In [90]:
%pylab inline
pylab.rcParams['figure.figsize'] = (9.0, 7.0)
pylab.rcParams['font.size'] = 16
from pandas import *

def removeBurnin(df, frac=0.1):
    n = shape(df)[0]
    return df.tail(int(n*(1.0-frac)))


from scipy.stats import expon
def sampleCFHeights(ntaxa, nsamples):
    heights = zeros(nsamples)
    for i in range(nsamples):
        for k in range(2,ntaxa+1):
            rate = 0.5*k*(k-1)
            heights[i] += expon.rvs(scale=1.0/rate)
    return heights

# Functions for producing validation plots
def drawComparisonPlot(df, dfs, statistic, titleStr=None, bins=100):
    #xmin=min(dfs[statistic].quantile(0.01), df[statistic].quantile(0.01))
    xmin=0
    xmax=max(dfs[statistic].quantile(0.999), df[statistic].quantile(0.999))
    dfs[statistic].hist(normed=True, alpha=0.5, label="Simulated", range=(xmin, xmax), bins=bins)
    df[statistic].hist(normed=True, alpha=0.5, label="MCMC", range=(xmin, xmax), bins=bins)
    if titleStr==None:
        titleStr = statistic
    xlabel(titleStr)
    ylabel('Density')
    title(titleStr)
    legend()

def drawAllComparisonPlots(df, dfs, alignIDs=['locus']):
    drawComparisonPlot(df,dfs,'acg.CFheight', 'Clonal frame height')
    show()
    drawComparisonPlot(df,dfs,'acg.nConv', 'Conversion count')
    show()
    for alignID in alignIDs:
        drawComparisonPlot(df, dfs, 'acg.' + alignID + '.meanTractLength', 'Tract length ({})'.format(alignID))
        show()
        drawComparisonPlot(df, dfs, 'acg.' + alignID + '.meanRegionLength', 'Region length')
        show()
    drawComparisonPlot(df, dfs, 'acg.meanDepartureHeight', 'Conversion edge departure heights')
    show()
    drawComparisonPlot(df, dfs, 'acg.meanEdgeLength', 'Conversion edge lengths')

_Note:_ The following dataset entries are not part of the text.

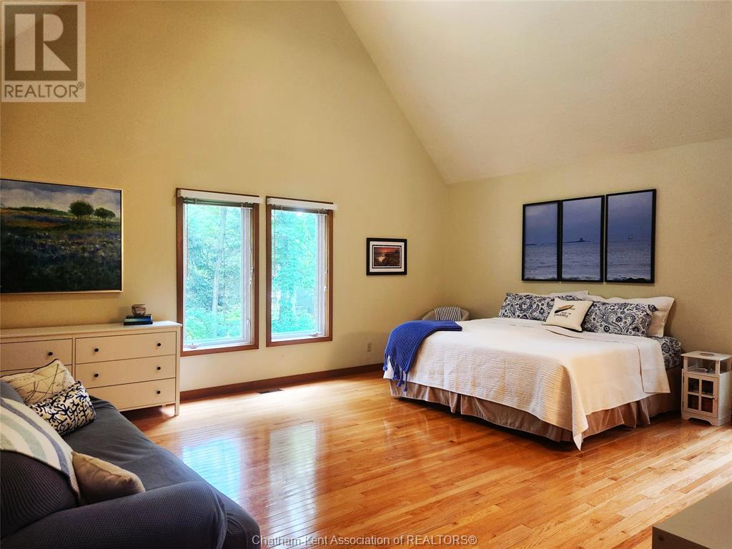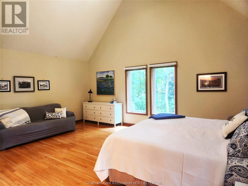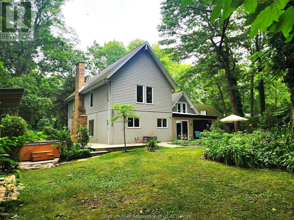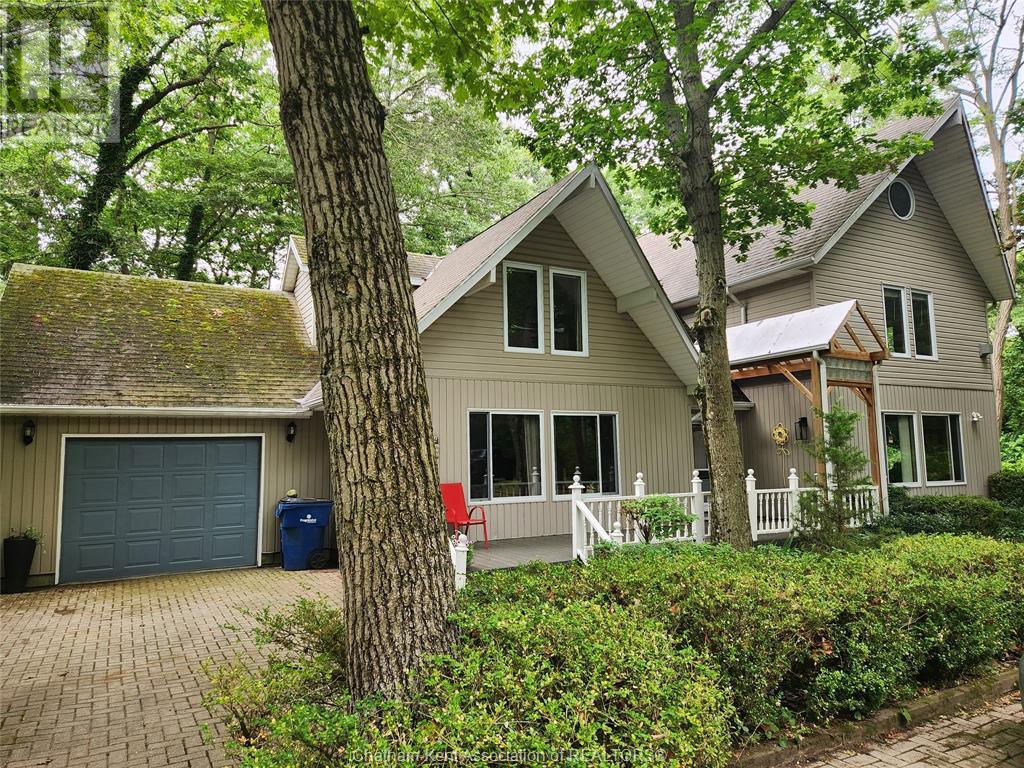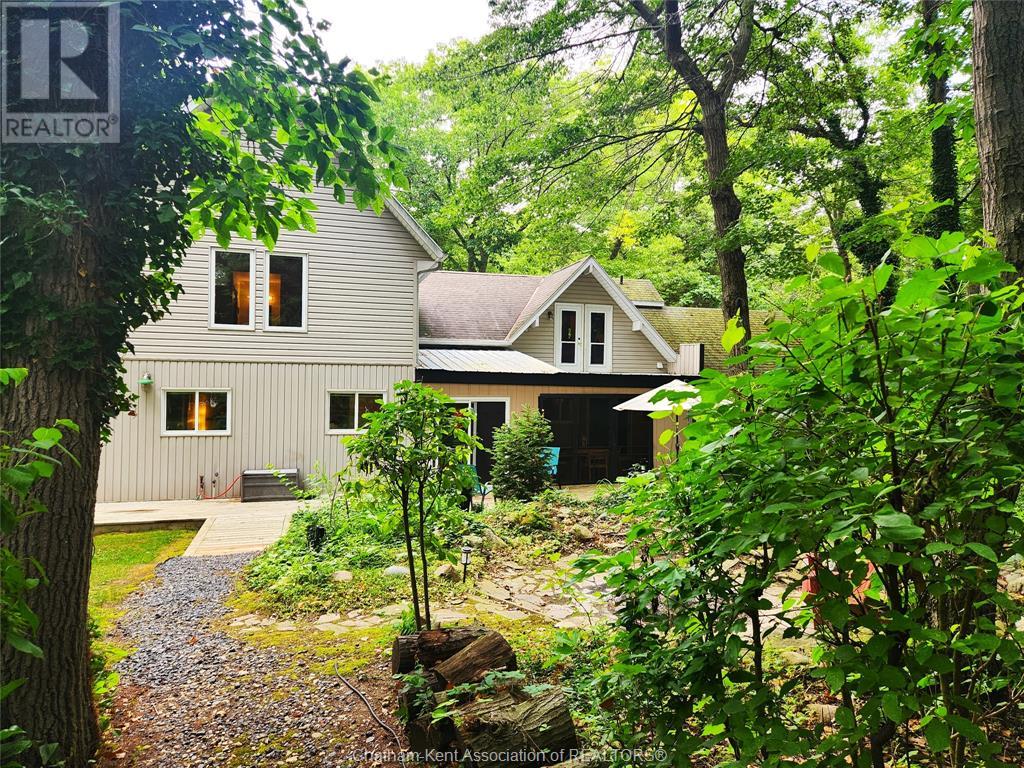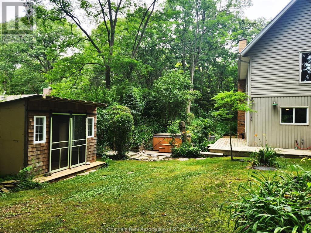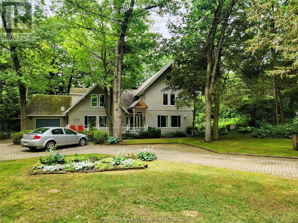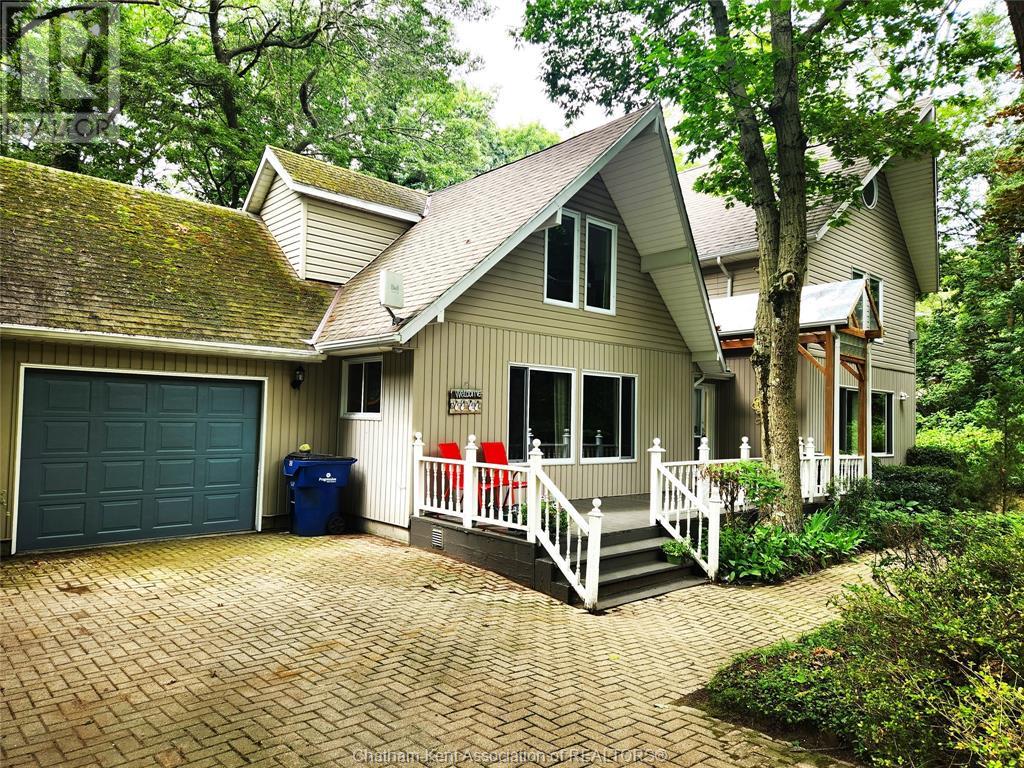 Welcome to Bates Subdivision located just outside Rondeau Provincial Park. Enjoy the natural beauty of this Carolinian Forest peninsula. Within one block north is Rondeau Bay and approximately a 100 foot walk south is public access to the sandy beach of Lake Erie. This area is a 4 season wonderland. The home built in approx 1965, with an addition in 2000 has been well cared for and updated as needed. It has generous spaces in all rooms. Entering the front door is a large bright foyer with an oak staircase to the upper level. The kitchen/dining/living room or great room is spacious and has a wood burning stove with charming brick hearth. There is a family room/library with built-in bookcases and tongue & groove wood panel. Most rooms have hardwood floors - kitchen and bath rooms have ceramic tile. The large primary bedroom and the second bedroom have vaulted ceilings. Both of these rooms have ensuite bath and the second bedroom has a gas fireplace. There is a 3rd 4 pc bath on the second floor. The windows have views of the side and back yards. The large private yard features spectacular landscaping that follows the natural sand dune contours. There is an attached screened in porch and both front and rear exterior decks. The 2 backyard sheds would make fabulous bunkies or simply great storage. With attached garage, inter-locking brick driveway, updated mechanicals and so much more this home is an absolute must-see! the home overlooks a 72 acre conservation area on east side of Sixth St. This lot is one and a half lot in width at 108.4 feet. (id:4555)
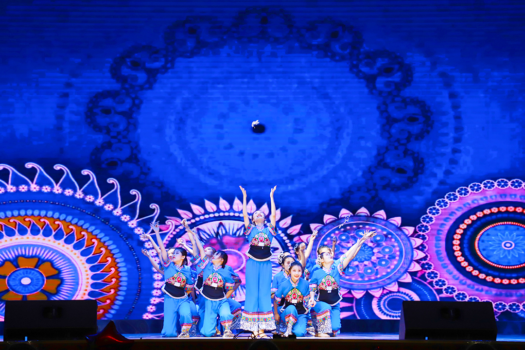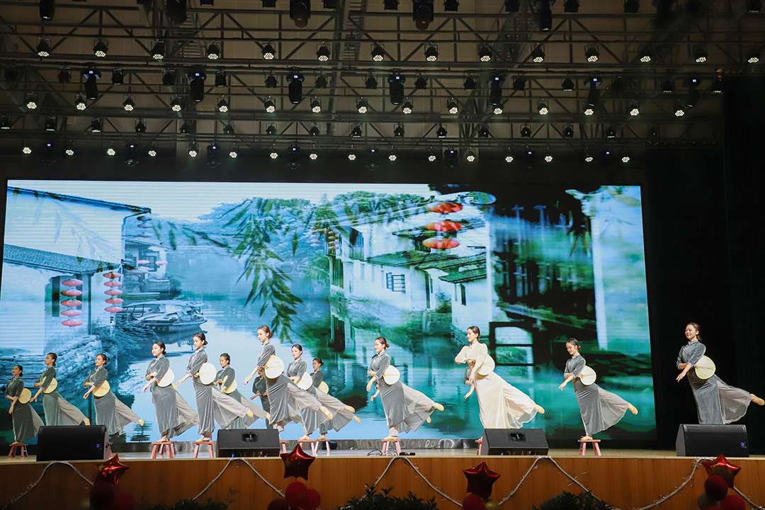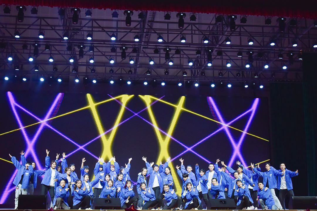 第二篇章——“筑梦桂工”,展现了2020级新生积极投入到新的学习生活,开启人生新篇章的欢快和憧憬。壮族舞蹈《壮水谣》向观众展示了广西独有的民族特色;模特走秀《未来·远行》与街舞《power》体现了桂工学子的朝气蓬勃和青春活力;光影剧《桂工故事》用无声的光影表演,向观众呈现了多彩绚烂的校园生活。
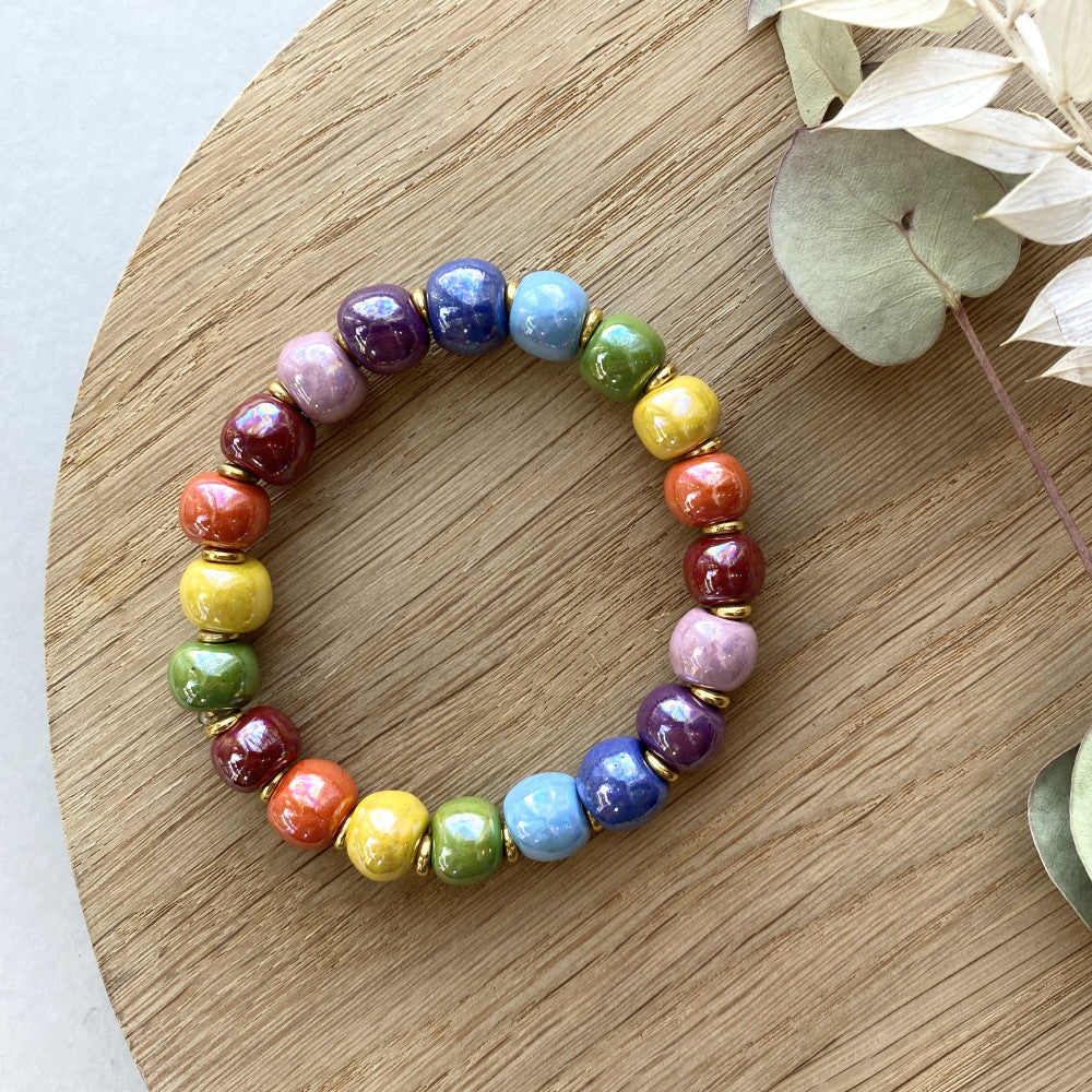 Armbånd med keramikperler, monteret på elastiktråd. Mål: ca 19 cm. Regnbuefarver med perlemor

Populating the interactive namespace from numpy and matplotlib

BACTER Validation

Theory

We define a restricted ACG $A=(C,M,R)$ where $C$ is a phylogenetic tree representing the clonal frame, $M$ is a map identifying the number and locations of regions on the sequence alignment $S$ affected by the conversion events, and $R$ is a set of recombinant edges which depart from and attach to points on the clonal frame.

The parameters of the model are the conversion rate $\rho$ (per unit time, per site), the expected tract length $\delta$ and the population size parameter $\theta$.

Our MCMC algorithm seeks to sample from the joint posterior density \begin{equation} P(A,\theta,\rho,\delta|S) \propto P(S|A)P(A|\theta,\rho,\delta)P(\theta,\rho,\delta) \end{equation}

To test our sampler implementation, however, we sample instead from \begin{equation} P(A|\theta,\rho,\delta) = P(R|M,C,\theta)P(M|C,\rho,\delta)P(C|\rho,\delta) \end{equation}

The clonal frame height distribution should simply be its distribution under the coalescent with a constant population size of 1. That is

\begin{equation} P(t_{CF})=e^{-t_{CF}} \end{equation}

Add/remove operator

Full two-taxon comparison

I've simulated $10^5$ two-taxon ACGs with $\rho=5\times10^{-3}$ and $\delta=50$ under the model. I've also used the add/remove operator in conjunction with the ACG scaling operator to produce a chain of ARGs of length $10^8$ with the same parameters. The first 10% of the MCMC chain is discarded to ensure we are past burn-in.


In [2]:
dfs = read_table('ACGsimulations/simulateACGs2taxon.stats')
df = removeBurnin(read_table('addRemoveTests/addRemoveTest2taxon.stats'))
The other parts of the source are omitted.